Professor Susan Hazeldean to receive LGBTQ+ Inclusive Excellence Award from AALS

10/29/2019

Professor Susan Hazeldean, founder and director of the Brooklyn Law School LGBT Advocacy Clinic, will receive the inaugural LGBTQ+ Inclusive Excellence Award from the Association of American Law Schools (AALS) Sexual Orientation and Gender Identity Issues Section. The award will be presented at the AALS Annual Meeting in Washington, D.C., in January.

Hazeldean’s teaching, scholarship, and law practice focus on gender, sexual orientation, immigration, and civil rights. Under her direction, students in the LGBT Advocacy Clinic represent clients who face discrimination based on their sexual orientation or gender identity. The clinic has achieved significant and historic victories, including a $100,000 settlement for a transgender woman who was raped by an inmate in a New York State prison after corrections officers failed to take reasonable steps to protect her from sexual assault. Clinic students also won asylum for a gay man from Africa who had faced brutal lifelong persecution because of his sexual orientation.

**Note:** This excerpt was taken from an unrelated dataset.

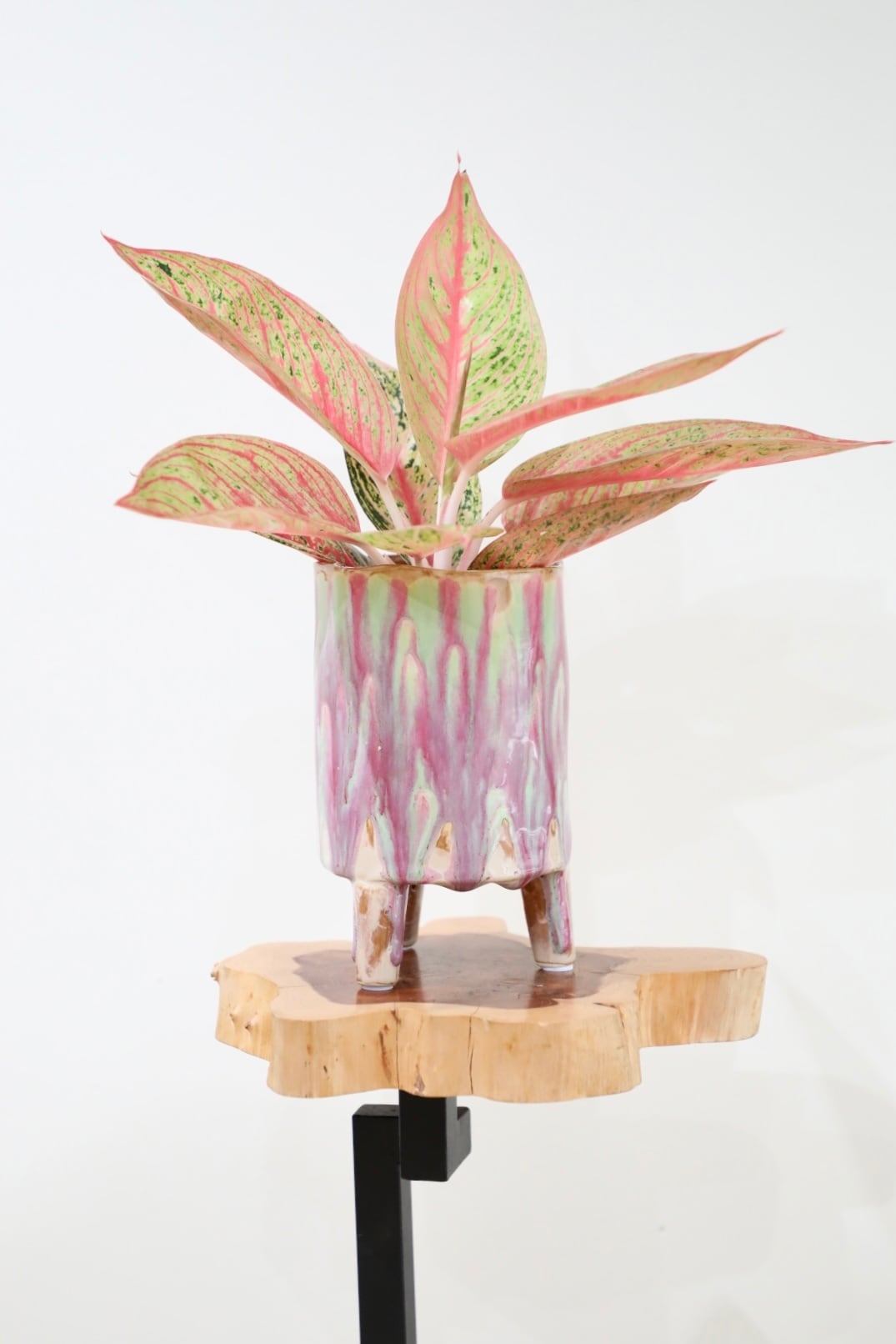 淡いピンクとビビットなピンクが絶妙に混ざり合う葉模様に惹き込まれます。滅多にお目にかかれないアグラオネマのピンク種です。

“We are thrilled to congratulate Professor Hazeldean on this richly deserved honor,” said Professor Stacy Caplow, Associate Dean of Experiential Education. “Since she joined the Law School just three years ago, she has proven herself to be an exceptional leader in advancing LGBTQ+ rights and clinical education and makes it clear to our students, faculty, and staff that inclusion of LGBTQ+ people is a vital part of our mission at Brooklyn Law School. It is wonderful that with this award, the national community will now know more about her important work.”

Previously, Hazeldean taught at Cornell Law School, where she directed the LGBT clinic. She has also taught at Yale Law School, where she served as a Robert M. Cover Fellow in the Worker and Immigrant Rights Advocacy Clinic. At Yale, she supervised students who represented immigrants and low-wage workers in civil rights actions and engaged in policy work and community-based advocacy. Prior to her academic career, Hazeldean directed the Peter Cicchino Youth Project at the Urban Justice Center in New York, providing free legal representation to homeless and at-risk LGBT youth in matters related to immigration, foster care, public benefits, and family law.

Hazeldean’s most recent article “Privacy as Pretext,” in which she uses legal privacy theory to argue that allowing transgender people into gendered facilities does not undermine privacy in any legally cognizable sense, is forthcoming in the Cornell Law Review.